Hello together,
On 11/5/21 22:34, Eric W. Biederman wrote:
I have to dash so this is short.
This is what I am thinking this change should look like.
I am not certain this is truly reviewable as a single change, so I will break it into a couple of smaller ones next time I get the chance.
I think we should concentrate to check the commit from Alexander.
What I did is to write two additional stress test apps - and now I'm able to trigger the use-after-free bug.
It is much simpler, the exclusion of exit_shm() and IPC_RMID didn't work - regardless if your approach or the approach from Alexander/myself is used.

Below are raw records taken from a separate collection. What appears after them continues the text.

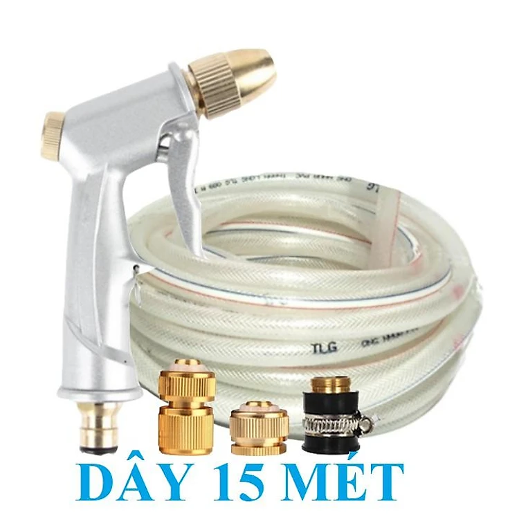 Bộ dây vòi xịt nước rửa xe, tưới cây . tăng áp 3 lần, loại 15m 206701 đầu đồng,cút đồng+ tặng mở chai
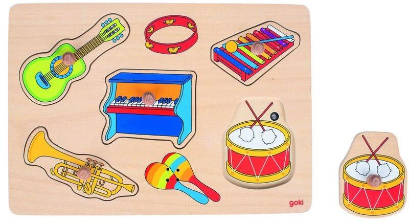 Goki Hangot adó fogantyús fa kirakó, hangszerek, hangszer hangokkal
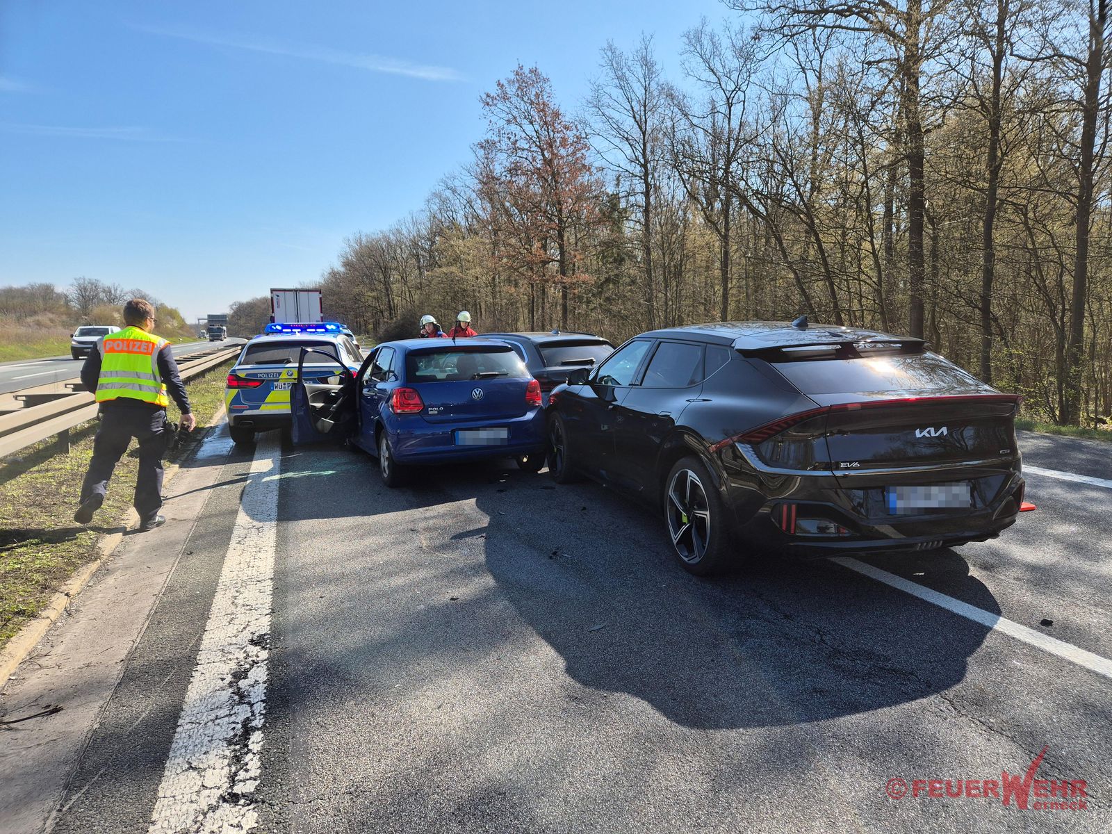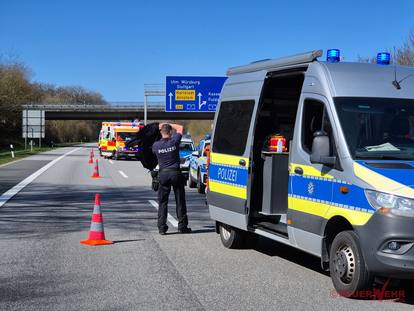 Die Feuerwehr Werneck unterstützte die Polizei bei der Verkehrsabsicherung, stellte den Brandschutz sicher und band auslaufende Betriebsstoffe ab. Nach ca. einer Stunde konnte der Einsatz seitens Feuerwehr beendet werden. Zur Unfallaufnahme wurde der betroffene Abschnitt der A70 durch die Autobahnmeisterei gesperrt.
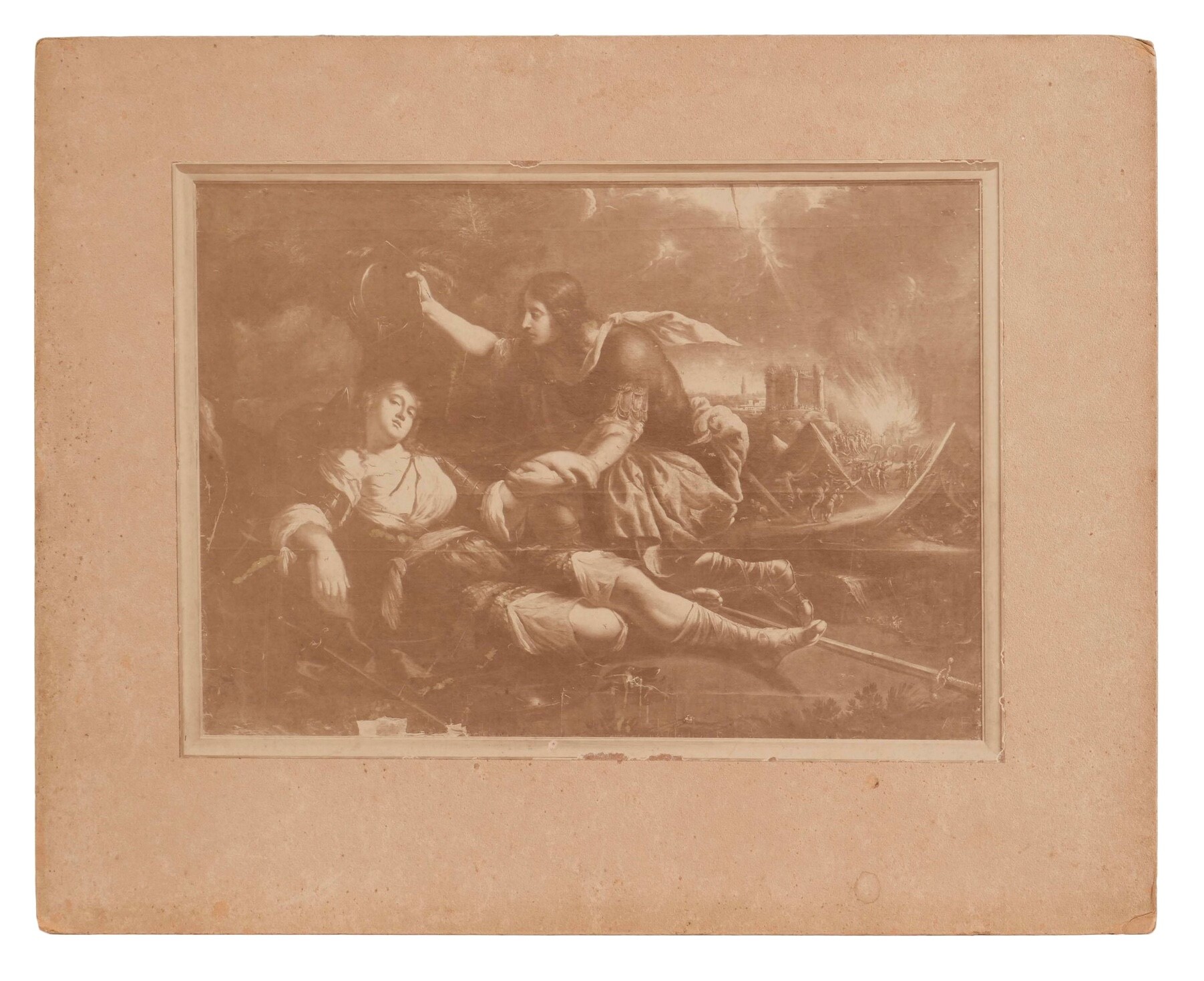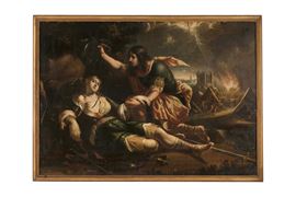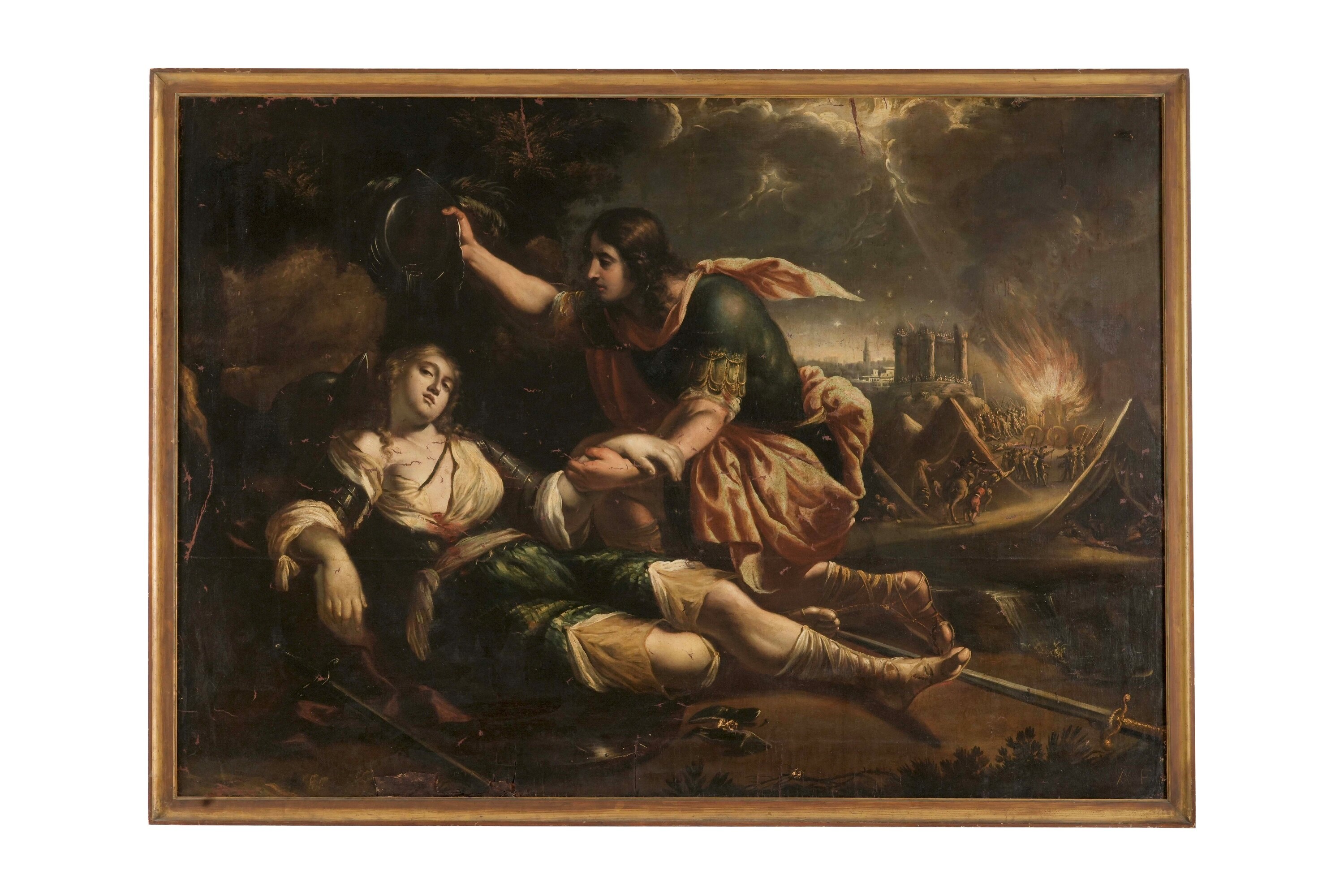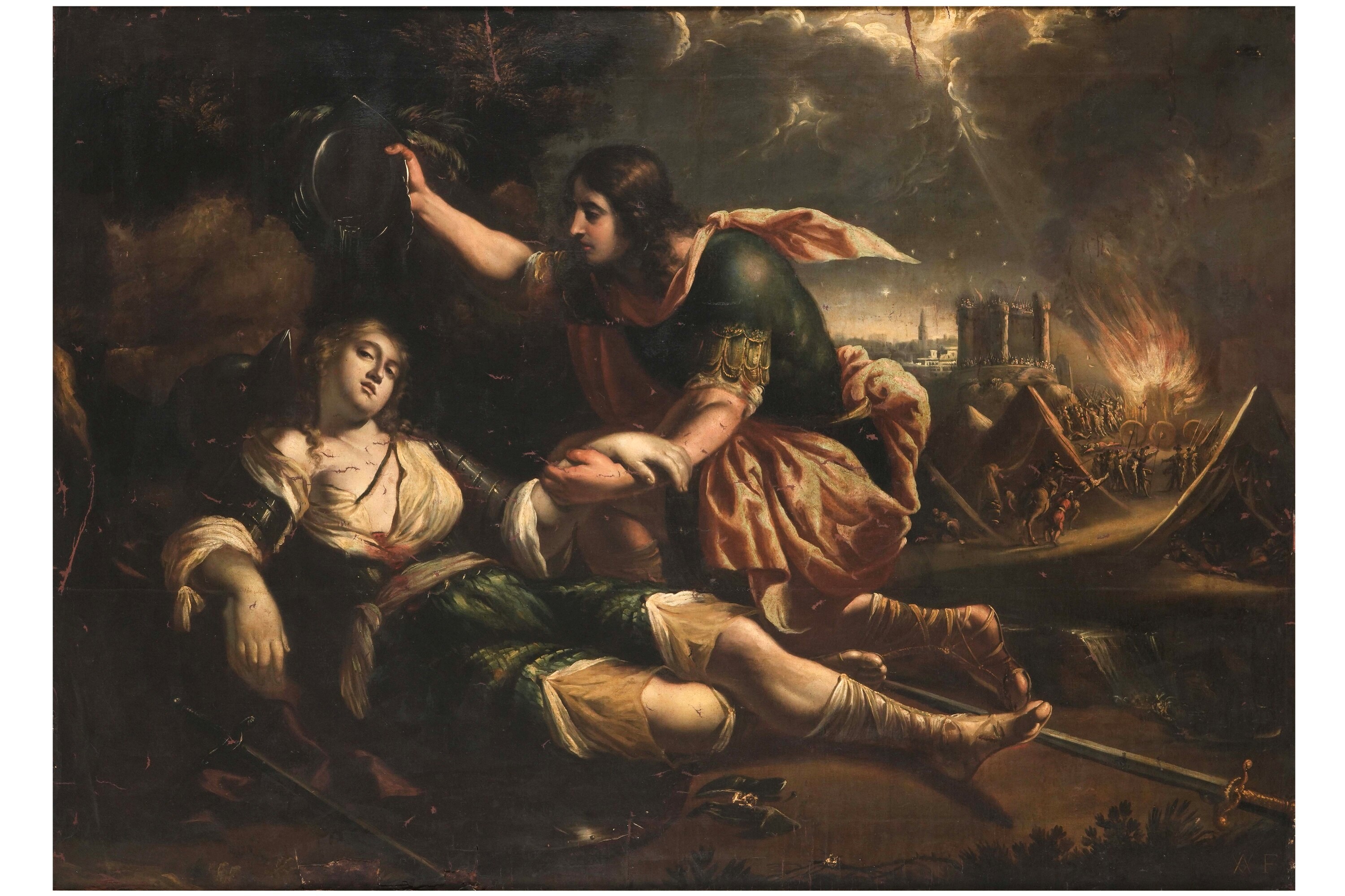 Il dipinto con Battesimo di Clorinda reca nell'angolo in basso a sinistra le iniziali intrecciate “AV” riferite, come in altre composizioni note, al pittore napoletano Andrea Vaccaro, attivo nella prima parte e alla metà del Seicento nei modi dei caravaggeschi e, in alternativa, dopo il 1640, in quelli dei pittori d'orientamento classicista e reniano. Personalmente, ritengo che il dipinto, sebbene alterato da passati interventi conservativi, possa essere confermato, come da sigla dipinta sulle stesure di colore originarie, ad Andrea Vaccaro dopo il 1650 e, quindi, nella fase di moderato classicismo e di concordanze stilistiche con l'opera coeva di Bernardo Cavallino.

+static inline void shm_clist_del(struct shmid_kernel *shp) +{
- struct task_struct *creator;
- rcu_read_lock();
- creator = rcu_dereference(shp->shm_creator);
- if (creator) {
task_lock(creator);
list_del(&shp->shm_clist);
task_unlock(creator);
- }
- rcu_read_unlock();
+}
shm_clist_del() only synchronizes against exit_shm() when shm_creator is not NULL.
list_del(&shp->shm_clist);
rcu_assign_pointer(shp->shm_creator, NULL);
We set shm_creator to NULL -> no more synchronization.
Now IPC_RMID can run in parallel - regardless if we test for list_empty() or shm_creator.
/* Guarantee shp lives after task_lock is dropped */
ipc_getref(&shp->shm_perm);
task_lock() doesn't help: As soon as shm_creator is set to NULL, IPC_RMID won't acquire task_lock() anymore.
Thus shp can disappear before we arrive at this ipc_getref.
[Yes, I think I have introduced this bug. ]
Corrected version attached.
I'll reboot and retest the patch, then I would send it to akpm as replacement for current patch in mmotm.
--
Manfred